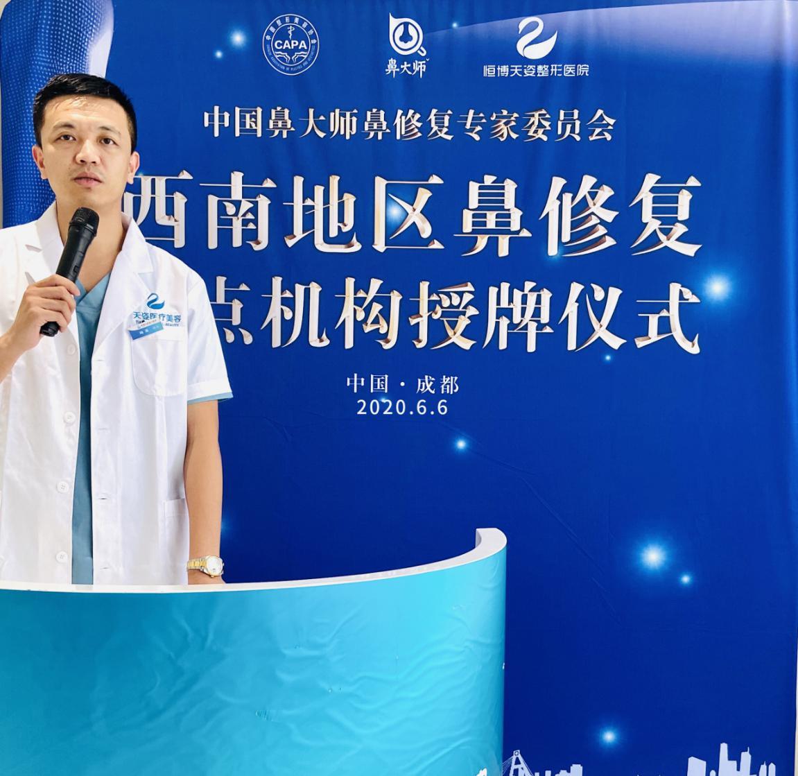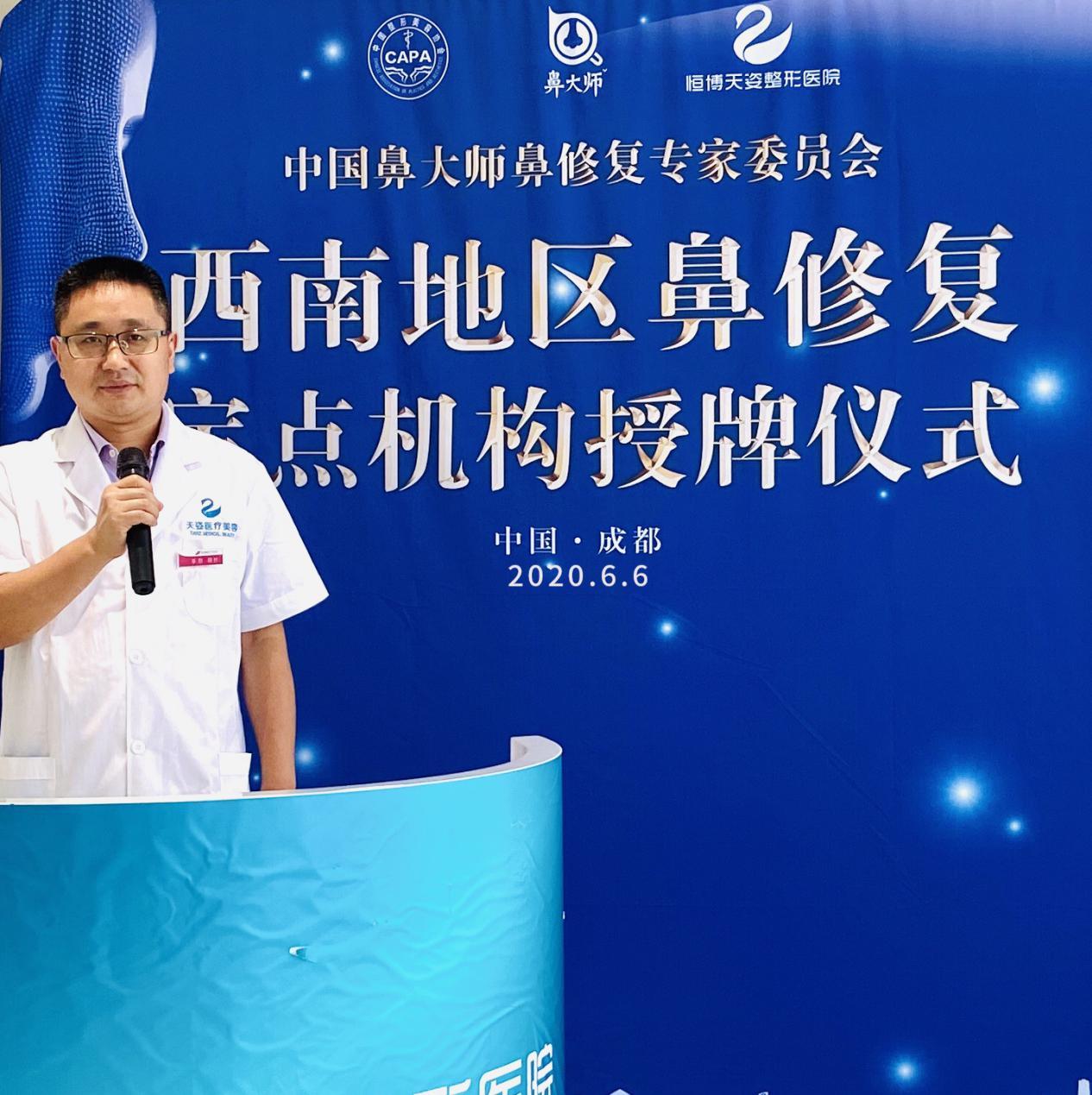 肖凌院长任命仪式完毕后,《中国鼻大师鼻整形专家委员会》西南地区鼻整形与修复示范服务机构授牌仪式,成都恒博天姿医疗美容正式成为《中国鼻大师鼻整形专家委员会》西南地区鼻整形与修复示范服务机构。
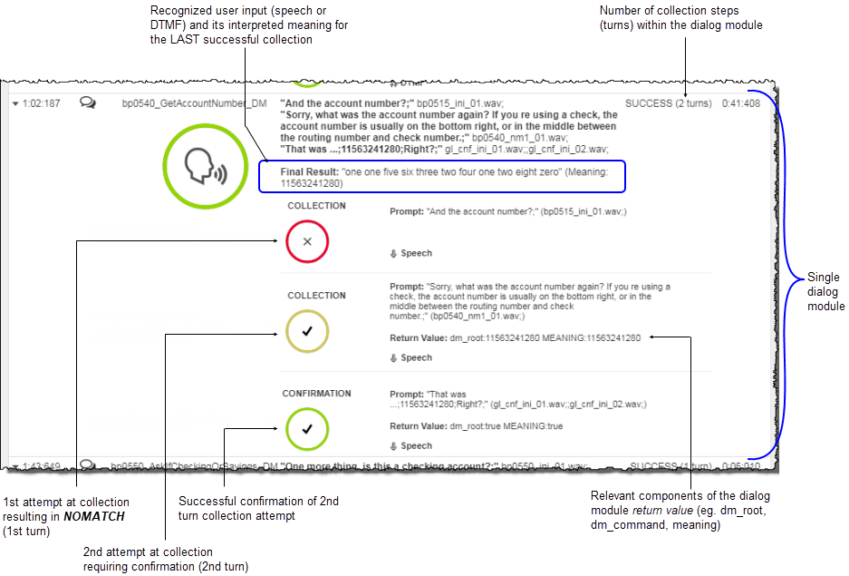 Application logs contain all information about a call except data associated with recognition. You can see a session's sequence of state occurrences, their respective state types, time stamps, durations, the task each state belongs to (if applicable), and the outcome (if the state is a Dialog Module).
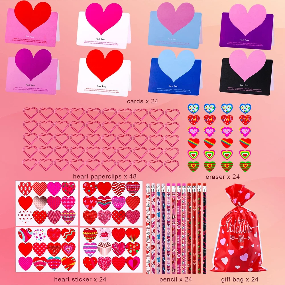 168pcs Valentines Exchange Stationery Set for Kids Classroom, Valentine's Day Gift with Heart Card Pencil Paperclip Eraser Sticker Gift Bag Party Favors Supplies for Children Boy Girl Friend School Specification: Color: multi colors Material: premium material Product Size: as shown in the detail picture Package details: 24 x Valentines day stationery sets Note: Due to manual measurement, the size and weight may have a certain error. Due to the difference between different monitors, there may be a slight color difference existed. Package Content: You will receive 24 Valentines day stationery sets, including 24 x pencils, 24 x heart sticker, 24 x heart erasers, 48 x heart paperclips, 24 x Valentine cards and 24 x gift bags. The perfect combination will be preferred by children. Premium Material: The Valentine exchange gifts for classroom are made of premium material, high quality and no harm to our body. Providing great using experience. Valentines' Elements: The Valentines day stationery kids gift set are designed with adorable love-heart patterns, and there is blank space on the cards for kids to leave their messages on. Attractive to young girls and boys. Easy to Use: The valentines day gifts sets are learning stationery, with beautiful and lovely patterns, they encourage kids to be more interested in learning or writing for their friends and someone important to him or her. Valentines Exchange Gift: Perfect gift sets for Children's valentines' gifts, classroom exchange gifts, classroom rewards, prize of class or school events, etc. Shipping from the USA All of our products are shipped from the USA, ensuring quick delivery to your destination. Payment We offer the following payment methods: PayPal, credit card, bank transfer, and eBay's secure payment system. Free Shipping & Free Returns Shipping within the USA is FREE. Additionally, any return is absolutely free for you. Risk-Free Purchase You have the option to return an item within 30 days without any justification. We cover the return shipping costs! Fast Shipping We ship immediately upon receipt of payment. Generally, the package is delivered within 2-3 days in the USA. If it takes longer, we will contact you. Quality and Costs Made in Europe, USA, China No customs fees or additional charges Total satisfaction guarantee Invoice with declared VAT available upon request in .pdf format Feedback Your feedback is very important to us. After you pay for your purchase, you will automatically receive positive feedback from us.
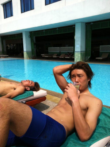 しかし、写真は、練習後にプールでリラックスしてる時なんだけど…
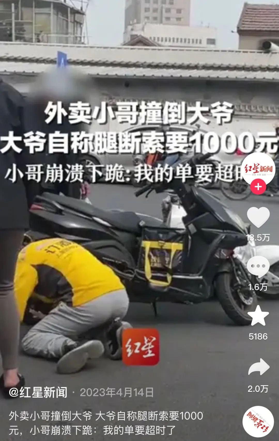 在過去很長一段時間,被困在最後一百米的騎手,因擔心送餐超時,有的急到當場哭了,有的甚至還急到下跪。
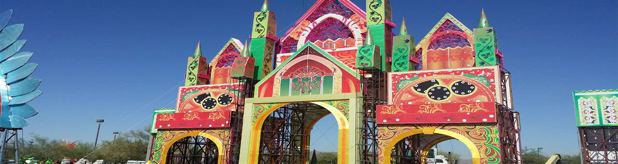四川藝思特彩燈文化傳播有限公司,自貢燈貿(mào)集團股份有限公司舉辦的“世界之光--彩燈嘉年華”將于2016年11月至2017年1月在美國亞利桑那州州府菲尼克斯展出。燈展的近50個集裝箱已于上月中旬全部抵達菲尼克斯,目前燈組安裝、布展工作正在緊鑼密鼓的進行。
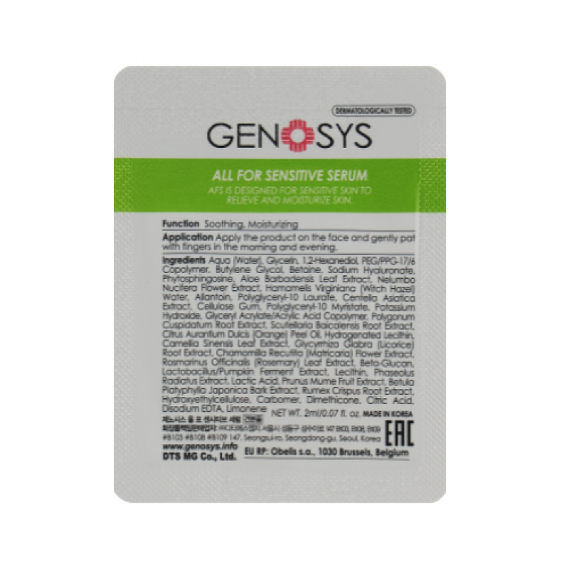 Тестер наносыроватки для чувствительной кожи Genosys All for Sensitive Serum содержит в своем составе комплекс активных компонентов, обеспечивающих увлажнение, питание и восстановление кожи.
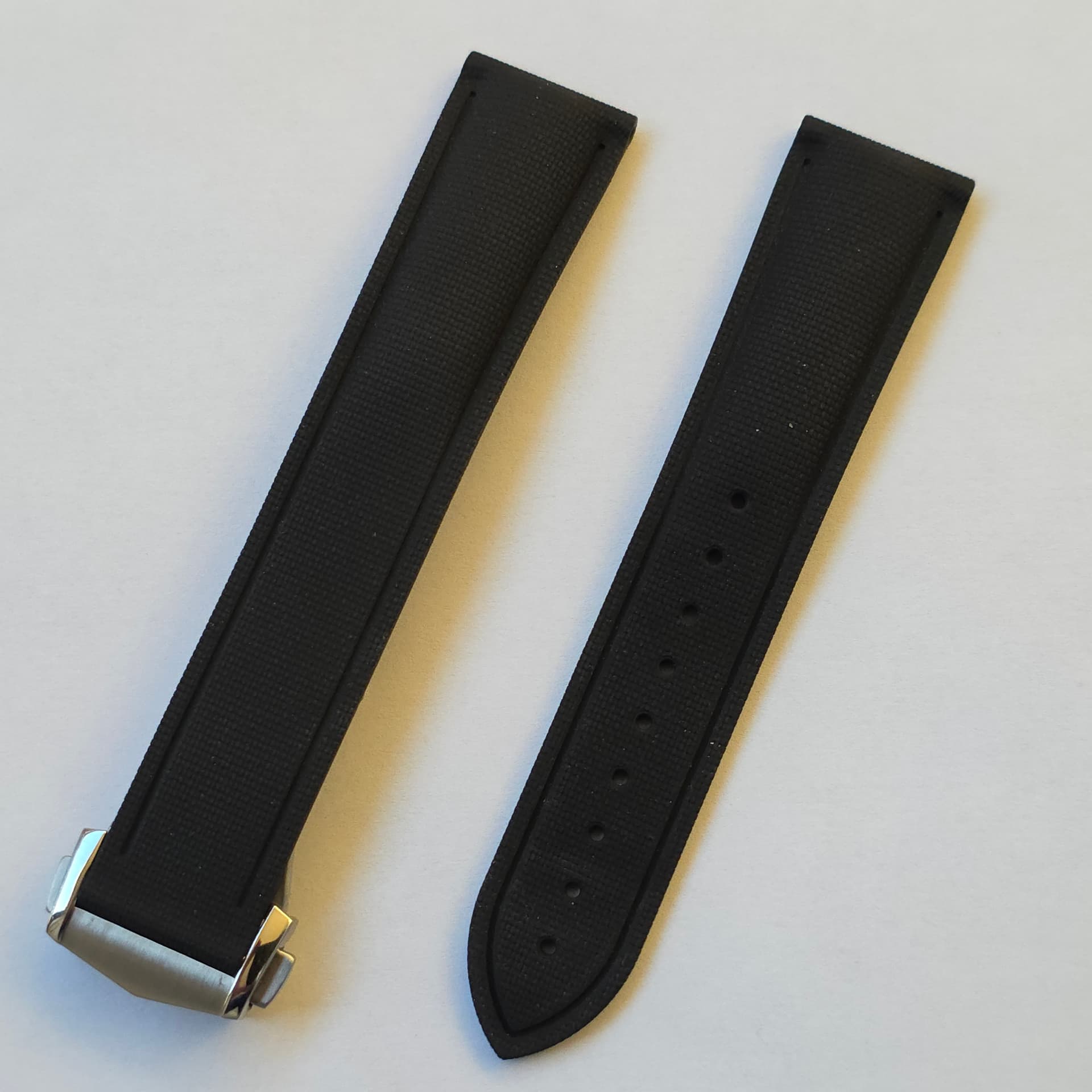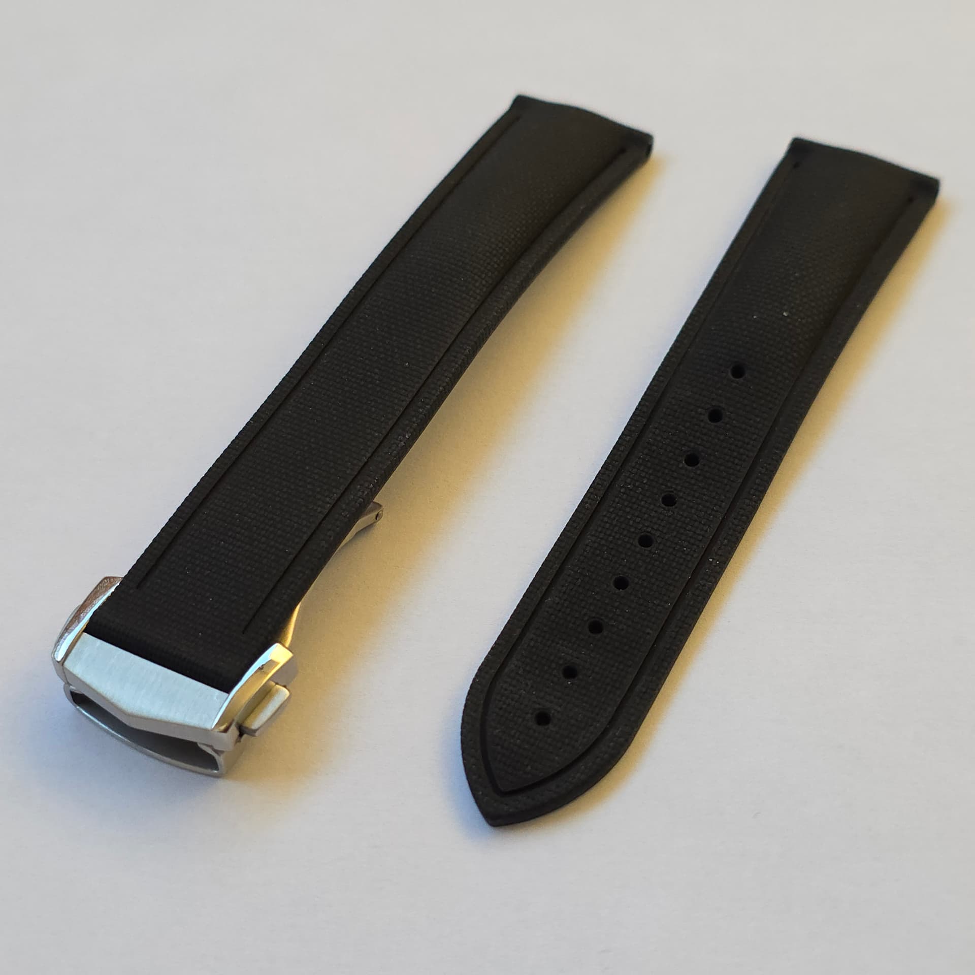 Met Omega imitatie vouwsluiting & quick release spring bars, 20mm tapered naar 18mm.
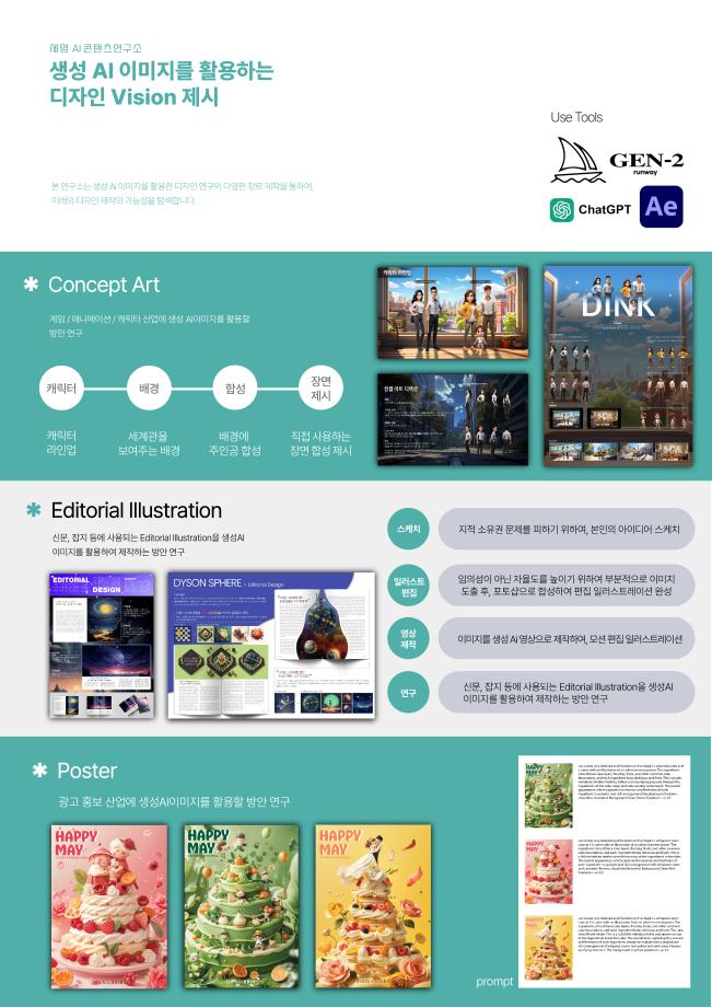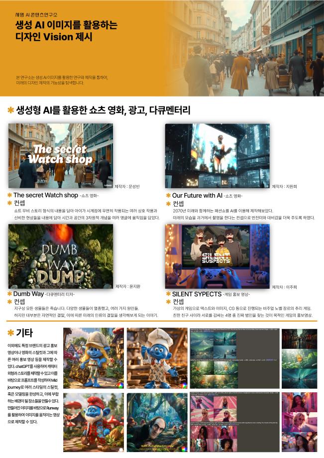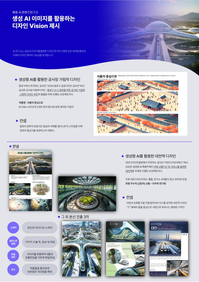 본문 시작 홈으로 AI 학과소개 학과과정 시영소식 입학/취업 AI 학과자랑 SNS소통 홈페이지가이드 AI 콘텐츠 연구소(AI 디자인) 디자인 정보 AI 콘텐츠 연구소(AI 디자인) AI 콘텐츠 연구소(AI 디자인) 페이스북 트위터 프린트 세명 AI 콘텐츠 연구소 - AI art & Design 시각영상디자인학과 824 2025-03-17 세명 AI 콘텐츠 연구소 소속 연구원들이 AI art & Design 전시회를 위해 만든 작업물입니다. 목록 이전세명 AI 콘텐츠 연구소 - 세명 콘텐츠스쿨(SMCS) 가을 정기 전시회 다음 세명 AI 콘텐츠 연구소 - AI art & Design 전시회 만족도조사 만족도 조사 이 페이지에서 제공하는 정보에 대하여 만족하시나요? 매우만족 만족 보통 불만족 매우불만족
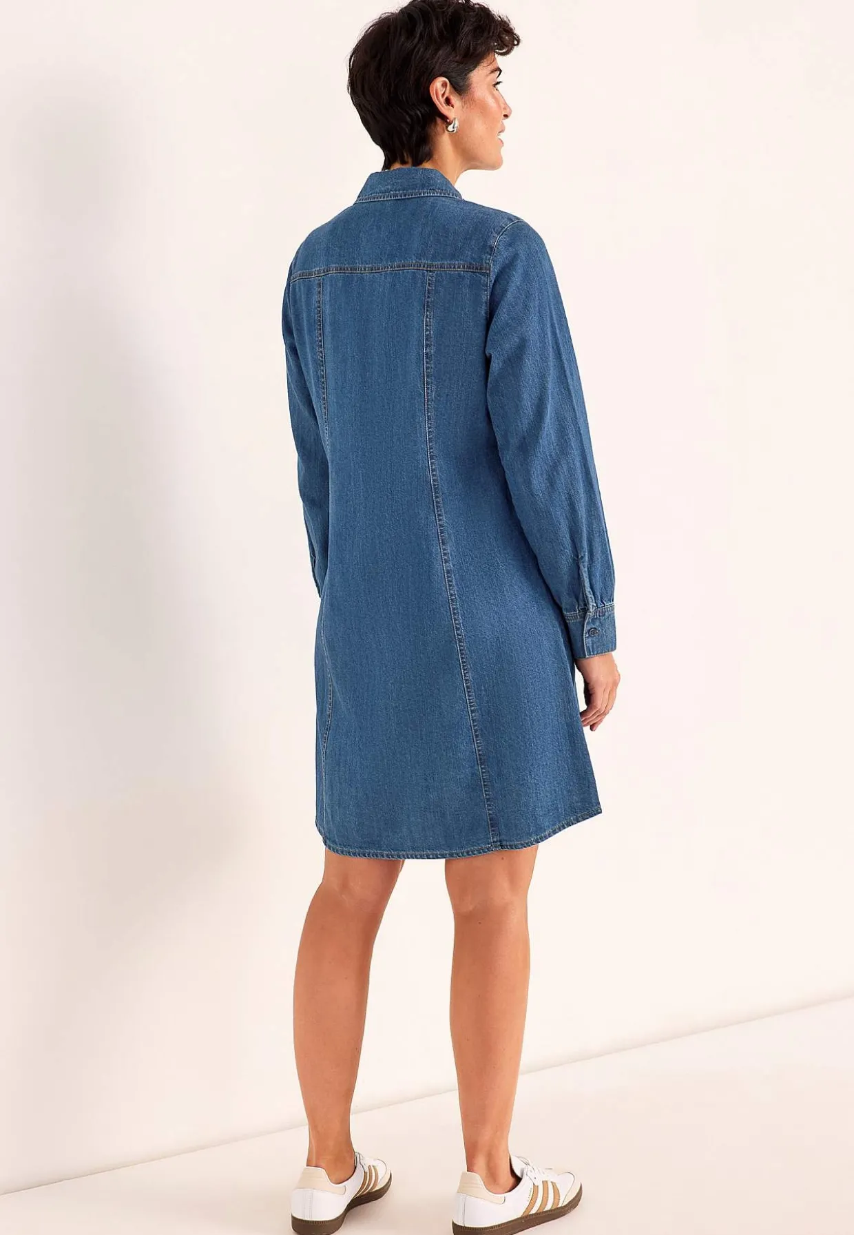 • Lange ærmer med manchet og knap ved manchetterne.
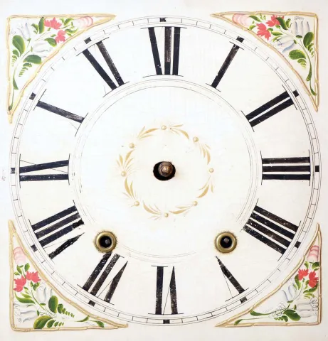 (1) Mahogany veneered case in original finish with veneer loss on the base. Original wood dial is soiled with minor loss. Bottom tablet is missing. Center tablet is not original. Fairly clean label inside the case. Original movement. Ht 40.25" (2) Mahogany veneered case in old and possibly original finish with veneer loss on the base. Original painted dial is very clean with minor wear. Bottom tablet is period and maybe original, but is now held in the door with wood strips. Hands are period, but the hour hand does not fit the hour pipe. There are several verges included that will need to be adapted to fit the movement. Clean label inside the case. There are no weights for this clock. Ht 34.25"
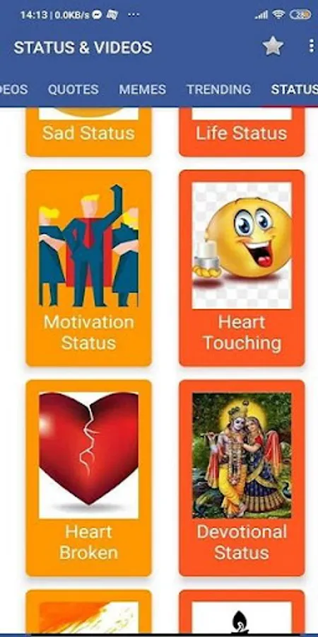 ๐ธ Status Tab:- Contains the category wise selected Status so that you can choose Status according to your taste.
—————
▶ **EXERCISE BRIEF**
What is needed is an exact copy of the lines from the beginning of the data through the line containing "Application logs contain", both included, without any pictures.

▶ **RESPONSE FOR THIS EXERCISE**
 肖凌院长任命仪式完毕后,《中国鼻大师鼻整形专家委员会》西南地区鼻整形与修复示范服务机构授牌仪式,成都恒博天姿医疗美容正式成为《中国鼻大师鼻整形专家委员会》西南地区鼻整形与修复示范服务机构。
 Application logs contain all information about a call except data associated with recognition. You can see a session's sequence of state occurrences, their respective state types, time stamps, durations, the task each state belongs to (if applicable), and the outcome (if the state is a Dialog Module).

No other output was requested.